Избранное. Компиляция. Книги 1-14
Шрифт:
— Меня жутко угнетает погода, что стоит нынешней зимой,
— Уилки, — сказал Диккенс. — Три-четыре необычайно теплых, сырых дня, а потом вдруг резкое похолодание — такие перепады действуют на моральное состояние просто убийственно. Но — вы заметили? — снег не шел ни разу. Я бы, наверное, отдал все на свете за простое, морозное, снежное Рождество моего детства.
И правда, в этом году к Рождеству ни в Лондоне, ни в Гэдсхилле не появилось даже самого тонкого снежного покрова. Но сейчас как раз стояли заморозки, упомянутые Диккенсом, и наша послеполуденная прогулка — с нами пошли Перси Фицджеральд, молодой Диккенсон и сын Диккенса Чарли, но мой брат Чарльз остался дома — больше напоминала неуклюжее шествие раздутых тюков шерсти, нежели моцион джентльменов.
Нас пятерых сопровождали пять собак: непоседливый сенбернар Линда, маленький померанский шпиц Миссис Поскакушка, в полной мере оправдывающий свое имя, черный ньюфаундленд Дон, огромный мастиф по кличке Турок и волкодав Султан.
Диккенс всю дорогу удерживал Султана на толстом поводке. И на пса пришлось надеть кожаный намордник. Перси Фицджеральд, подаривший Диккенсу щенка ирландского волкодава в прошлом сентябре, обрадовался при виде уже почти взрослого и явно здорового Султана, но, когда он подошел с намерением приласкать пса, тот свирепо зарычал и лязгнул стянутыми намордником челюстями, словно исполненный решимости откусить Перси руку. Фицджеральд отпрянул назад, испуганный и обиженный. Диккенс казался невесть почему довольным.
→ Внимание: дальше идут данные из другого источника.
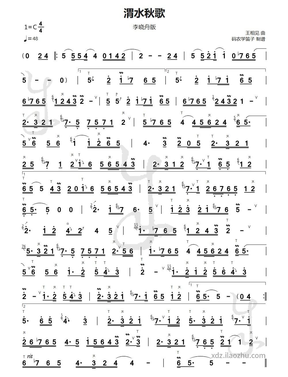 《渭水秋歌》原曲创作于 2007 年左右,王相见先生以陕西民间音乐和秦腔音调为素材,通过笛子独特的音色描绘了渭河流域秋季的壮丽景色和三秦大地的人文风貌。慢板采用陕西秦腔音乐弦乐曲牌《永寿庵》,如泣如诉,深沉哀怨,快板采用陕西合阳县线腔音乐,热情奔放,充满活力,整首作品融合了故土眷恋、流浪孤寂、自然赞美与历史沉思多重情感,被誉为 "一曲乡愁,万般柔情"。同时,该曲子也是笛子爱好者必学曲目之一,被收录于多个专业教材和曲谱集中。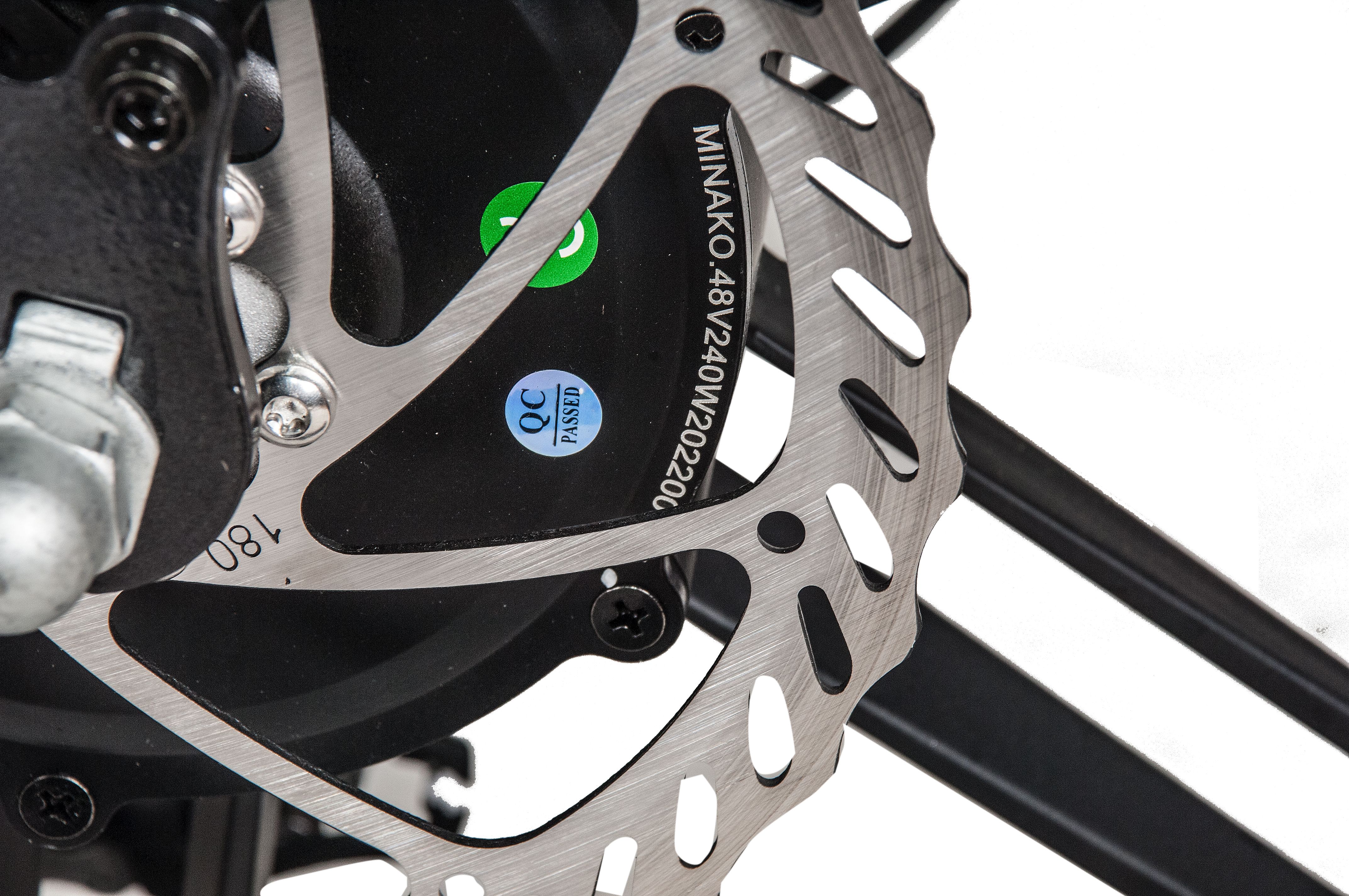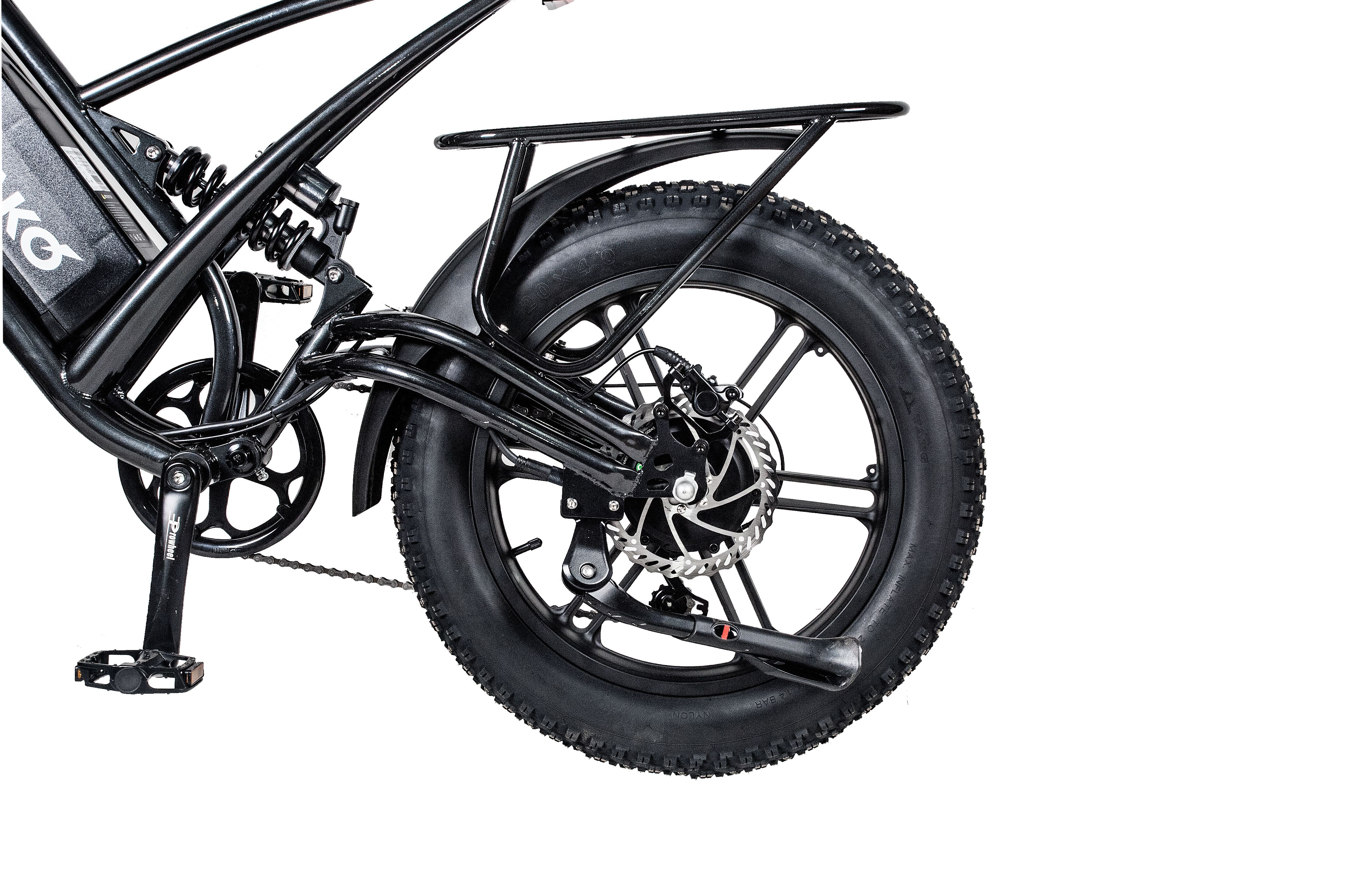 Для 100% подзарядки батареи понадобится всего 10 часов. Электрический велосипед имеет широкие надувные 20-дюймовые колёса и амортизационную систему спереди и сзади, благодаря чему он подходит для поездок по шоссе и даже по пересечённой местности. Модель оснащена качественными шинами с глубоким внедорожным протектором, который создаёт отличное сцепление с дорогой.

— Со мной Султан по-прежнему ласков и кроток, — сказал он нам. — Но по отношению ко всем прочим живым существам он — истинное чудовище. Он прогрыз уже пять намордников и часто возвращается домой с окровавленной пастью. Мы знаем наверное, что он целиком проглотил одного голубоглазого котенка, но Султан все-таки помучился совестью из-за этого своего гнусного поступка… по крайней мере, несварением желудка точно помучился.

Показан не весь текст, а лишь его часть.